··· Data excerpt

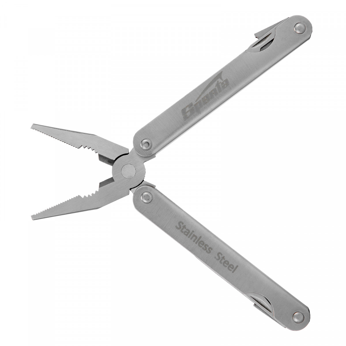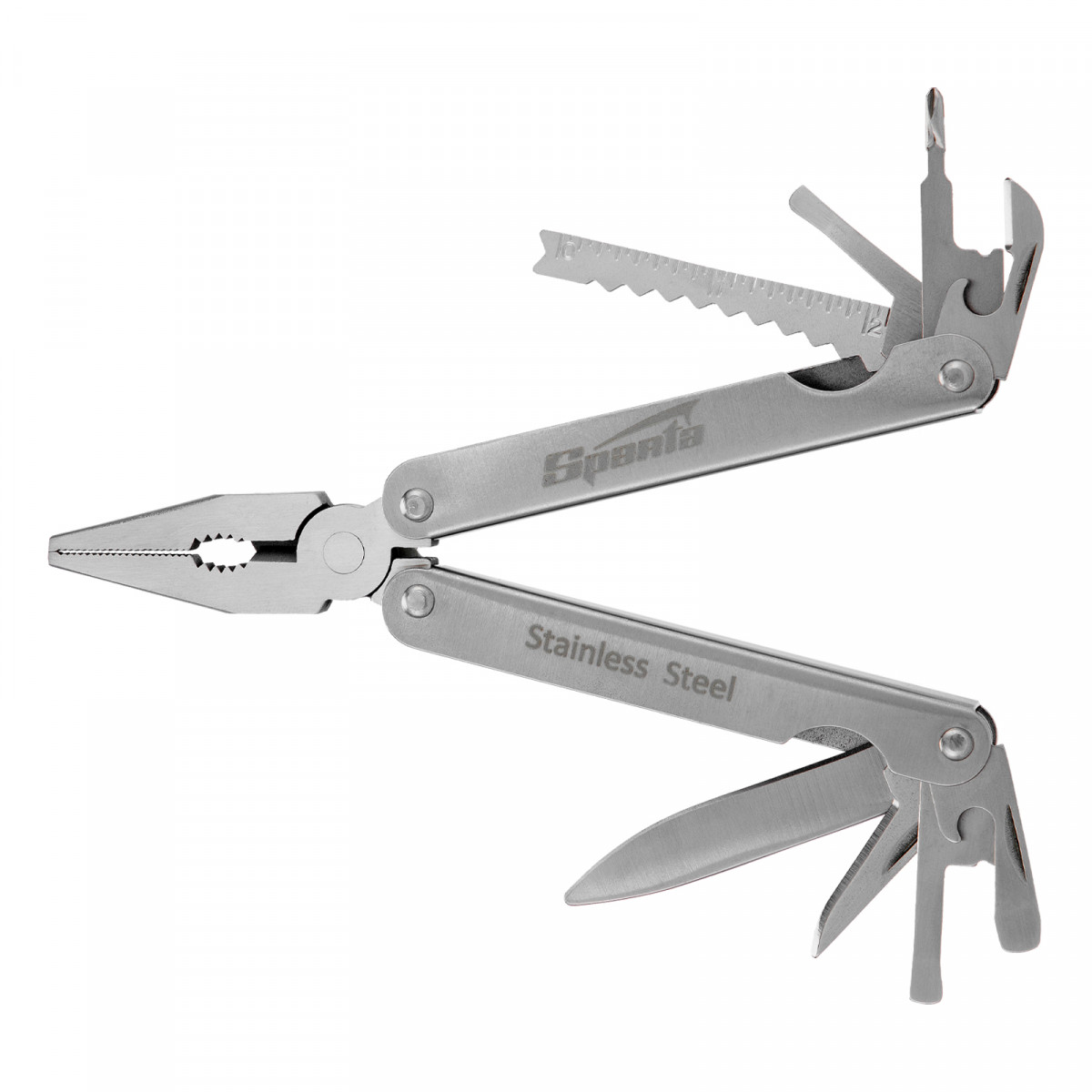 Трансформер Sparta 17610 с 15 функциями в рабочем положении имеет длину 156 мм, поставляется в чехле. Подходит для выполнения множества мелких работ: разрезания различных материалов, закручивания и откручивания крепежей, чистки рыбы, захвата или опиливания деталей, перекусывания проволоки, открывания бутылок и консервных банок. Многофункциональный инструмент пригодится на даче, в гараже, поездке, походе, на охоте или рыбалке.
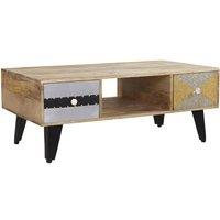 Hand crafted by skilled craftsmen in India this range offers a new dimension to furniture making from 100% Reclaimed Wood. The range is eco friendly, modern and versatile. The product comes fully assembled, just tightening of the legs required. Each drawer is made from a different material making every piece unique, finished with traditional handles and knobs. This rectangular coffee table features wood legs, one open shelf in the centre and two drawers on the sides. Features: Made From 100% Reclaimed W...
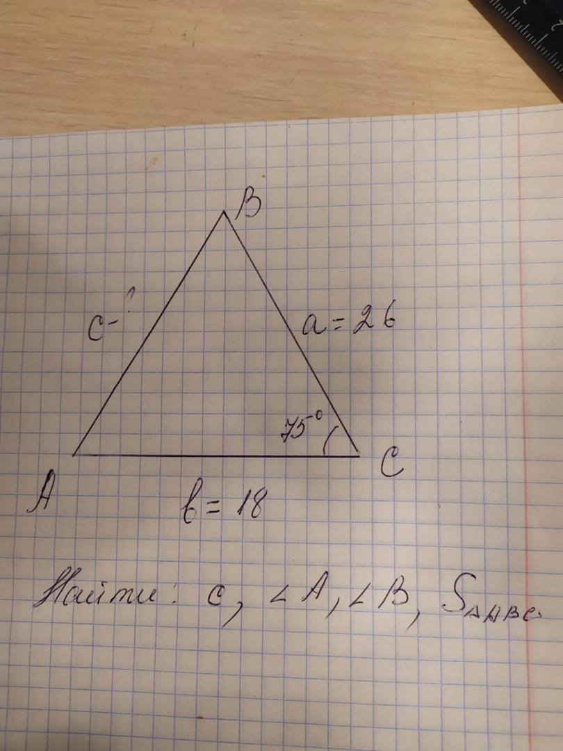 c=корень(a^2+b^2-2ab*cos75) = корень(26^2+18^2-2*26*18*0.25)=

······

_Task instructions_.
Starting with the line that holds "Hand crafted by", transcribe exactly each line through the last one of the material above, and nothing else. Do not include pictures.

_Exercise result_.
 Hand crafted by skilled craftsmen in India this range offers a new dimension to furniture making from 100% Reclaimed Wood. The range is eco friendly, modern and versatile. The product comes fully assembled, just tightening of the legs required. Each drawer is made from a different material making every piece unique, finished with traditional handles and knobs. This rectangular coffee table features wood legs, one open shelf in the centre and two drawers on the sides. Features: Made From 100% Reclaimed W...
 c=корень(a^2+b^2-2ab*cos75) = корень(26^2+18^2-2*26*18*0.25)=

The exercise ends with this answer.